▸ **Source material**:

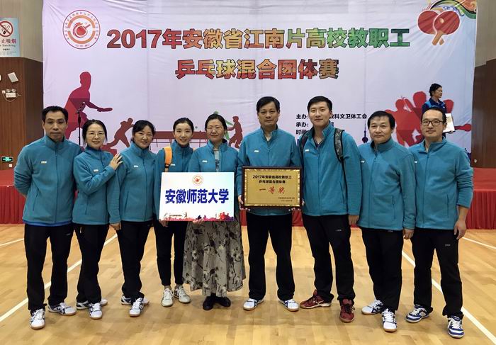 本网讯(校工会) 10月20日至22日,安徽省江南片高校教职工乒乓球混合团体赛在黄山学院举行。省教科文卫体工会主席凤桦致辞,对赛事的举行表示热烈祝贺;黄山学院校党委书记汪枫、副院长胡家俊代表主办单位致欢迎辞并宣布比赛开始。本次比赛共有10支代表队、近百名运动员参加。我校参赛队荣获冠军。
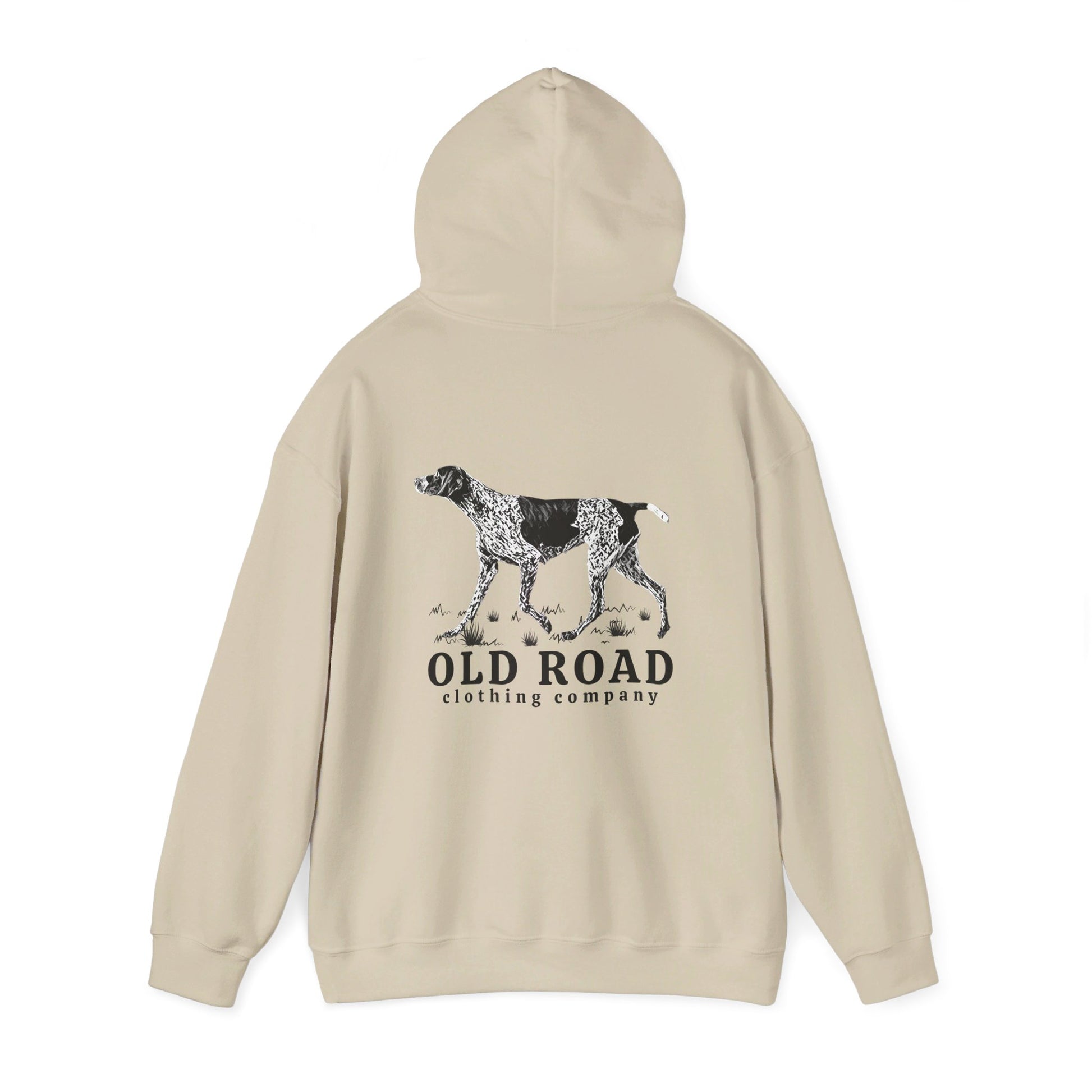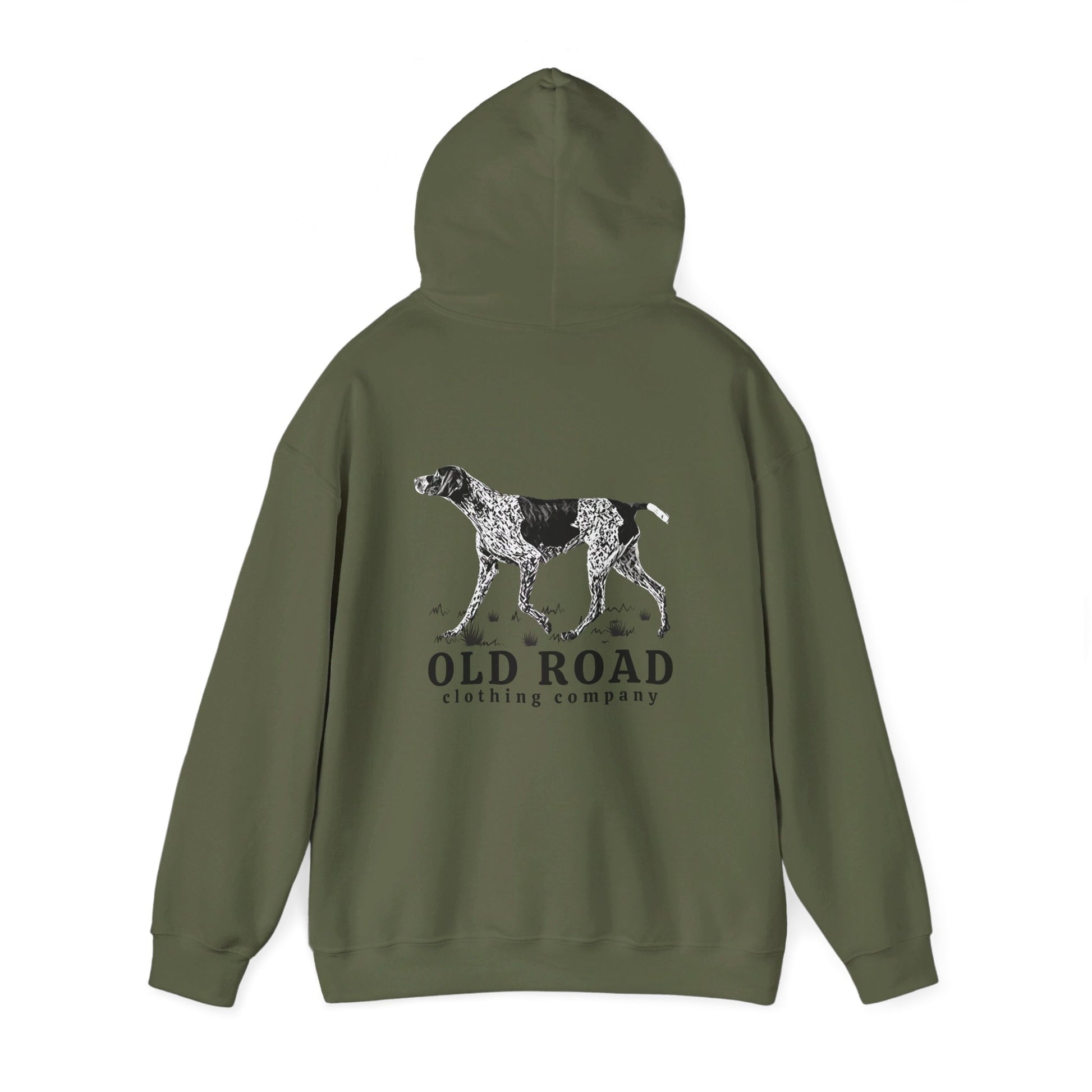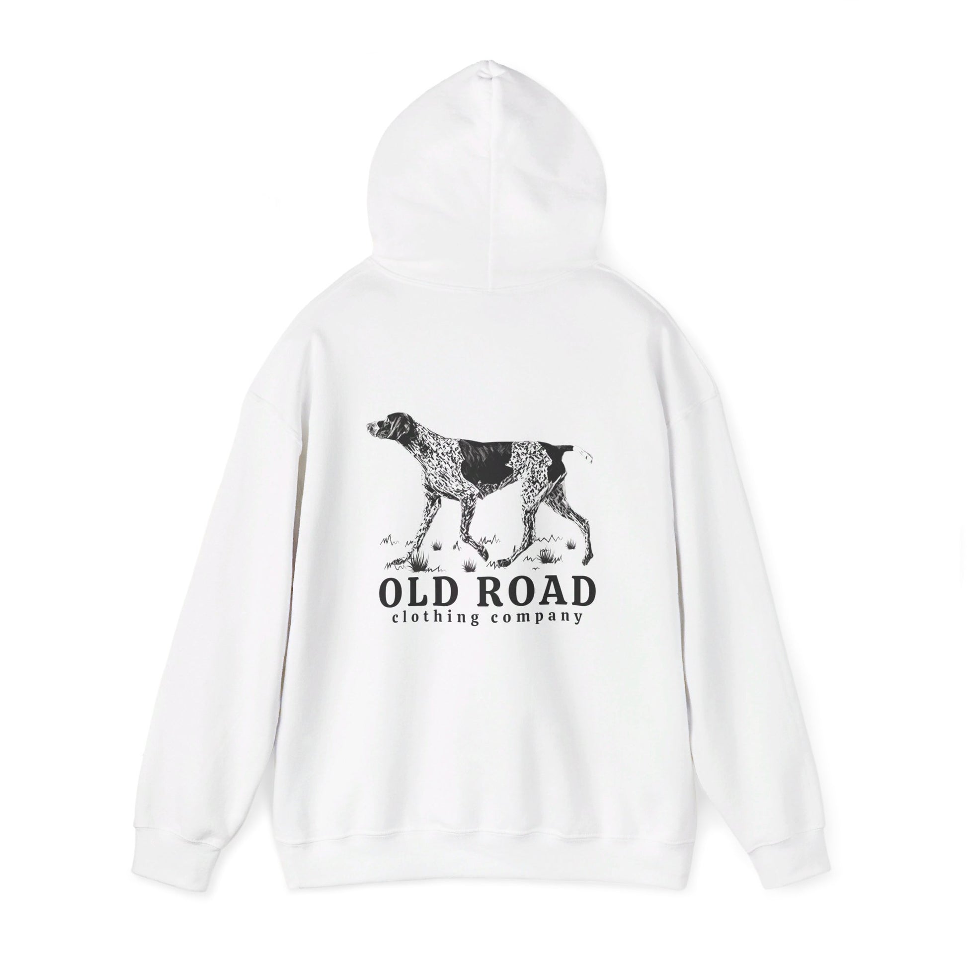 This shirt has a GSP cross on the front of the shirt and on the back it has a black and white German Shorthaired Pointer Pointing on the back with our Old Road Clothing Company logo written underneath.
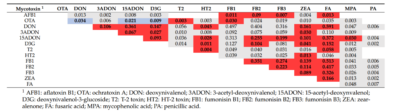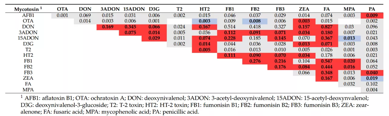據(jù)Weaver等(2021)發(fā)表在Toxins上一篇持續(xù)7年、累計(jì)828個樣品、對35種霉菌毒素的調(diào)查報(bào)告,單胃動物日糧的主要原料玉米樣品(n=711)中,萎蔫酸(FA)和嘔吐毒素(DON)成對出現(xiàn)的概率最大,為0.591(p<0.001)。而萎蔫酸檢出時(shí),伏馬毒素B1、B2、B3(FB1、FB2、FB3)出現(xiàn)的概率較大,分別為0.513(p<0.001)、0.417(p<0.001)、0.326(p<0.001),詳見表1。
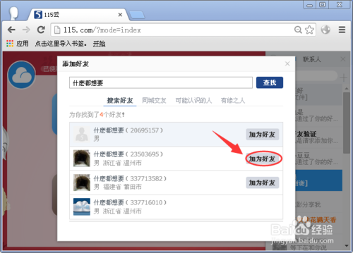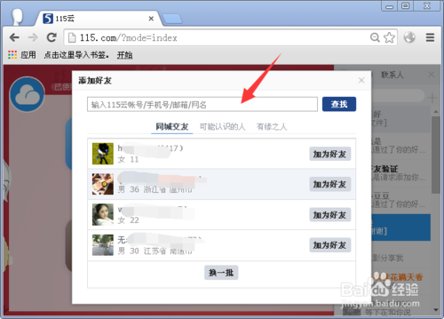 3、按一下顯示窗口上“添加好友”,輸入你想要添加好友的115網(wǎng)盤賬號或者昵稱等進(jìn)行查找好友。

▸ **Exercise instructions**: Excluding the pictures, retype the line containing "據(jù)Weaver等(2" and all lines after it down to the end of the data above.

▸ **Expected answer**:
據(jù)Weaver等(2021)發(fā)表在Toxins上一篇持續(xù)7年、累計(jì)828個樣品、對35種霉菌毒素的調(diào)查報(bào)告,單胃動物日糧的主要原料玉米樣品(n=711)中,萎蔫酸(FA)和嘔吐毒素(DON)成對出現(xiàn)的概率最大,為0.591(p<0.001)。而萎蔫酸檢出時(shí),伏馬毒素B1、B2、B3(FB1、FB2、FB3)出現(xiàn)的概率較大,分別為0.513(p<0.001)、0.417(p<0.001)、0.326(p<0.001),詳見表1。
 3、按一下顯示窗口上“添加好友”,輸入你想要添加好友的115網(wǎng)盤賬號或者昵稱等進(jìn)行查找好友。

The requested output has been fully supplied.